# hypothetically, if I were looking for a metal lathe



## Russianwolf (Oct 15, 2008)

to get me started on the inexpensive side, what would you guys recommend?

Nothing big. The longest pieces I'm interested in working are about 12 inches long.


----------



## rjwolfe3 (Oct 15, 2008)

Harbor Freight has been putting some of theirs up front on clearance.  I noticed two at the local store the other day and someone else mentioned one at a different store for half off.  I'm broke so I didn't even look closely at them.  And I don't know anything about metal lathes as far as quality goes or even how to use one but half off seems like a good deal.  Just a thought.


----------



## bad (Oct 15, 2008)

Mike:
My metal lathe is the C2. You can see it at this site http://www.siegind.com/Products/blackred_lathe.htm
Since I bought my lathe I have learned a few things about mini lathes. First they are all made at the same factory in China. They are painted different colours and have different features installed, but they are all (Grizzly, Harbour Freight, etc.) made at the same plant. If you contact these people and ask them they could tell you who their distributor is in USA. Up here in Canada that lathe sells for about $500.
I hope this helps.


----------



## cozee (Oct 15, 2008)

Personally, I would pass on the Chinese stuff, and look around for an old Craftsman/Atlas bench top lathe. Pricing is about the same but even used, you end up with a far better piece of equipment. And parts are probably easier to obtain than for the Chinese units.


----------



## IPD_Mrs (Oct 15, 2008)

Hypothetically what do you think your wife would say if she saw this post????  :foot-in-mouth::knife::hammer::doctor:



Sorry Mike I couldn't resist!:biggrin:


----------



## Russianwolf (Oct 15, 2008)

Mike, She'd say that I'm right, 12 inches isn't big...... I am.


----------



## Jim Smith (Oct 15, 2008)

I was in a very similar position a few weeks ago.  I had been looking for a couple of months when I found a "used" _ Emco Compact 5 Center Lathe _with the milling attachment and tooling on Craig's list for $800.  When I went to pick it up I found that it was brand new and had never been used.  While it was a bit more than I wanted to spend, I wanted a quality lathe and I knew that I probably wouldn't find a better deal so I bought it.  Thank goodness my wife is so understanding 

I would shop locally if you can to see if someone has something similar in your area of the country.  Just a thought...

Jim Smith


----------



## Mudder (Oct 15, 2008)

cozee said:


> Personally, I would pass on the Chinese stuff, and look around for an old Craftsman/Atlas bench top lathe. Pricing is about the same but even used, you end up with a far better piece of equipment. And parts are probably easier to obtain than for the Chinese units.

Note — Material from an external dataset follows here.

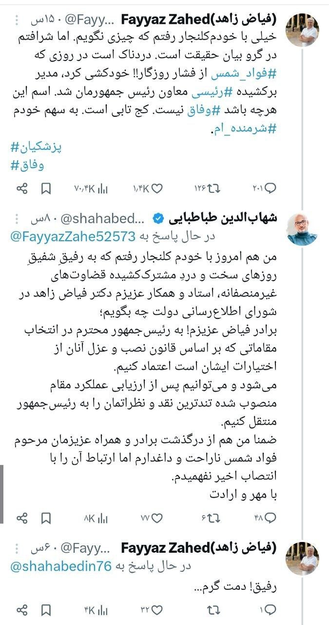 فرهیختگان: اختلاف در شورای اطلاع رسانی دولت که از مدتی پیش آغاز شده بود حالا به استعفای یکی از اعضای این شورا رسیده. فیاض زاهد، عضو شورای اطلاع‌ رسانی دولت، در اعتراض به آنچه انتصاباتِ وفاقیِ پزشکیان می‌دانست از دولت استعفا و الیاس حضرتی رئیس شورا هم با این جدایی موافقت کرد.

Can't say that I totally agree with you here as I have a 7x12 mini lathe that will consistently hold .0003". If they are properly tweaked, A Chinese lathe would work just fine. And as to the comment about finding parts, you can get every part for the mini lathe from    www.littlemachineshop.com

I originally was looking for a craftsman or an atlas but in my area the folks who have them think they are made of gold or something because I've seen some that were really beat up and had a half turn of backlash and the owner wanted much more than a brand new Chinese lathe would have cost me.

Since your looking to turn up to 12" long then you are just a bit out of the realm of the mini lathe and if you can find a good atlas or craftsman lathe at a reasonable price then go for it. If not you might want to re-evaluate the size of the projects that you are working on and look closely at the mini lathe.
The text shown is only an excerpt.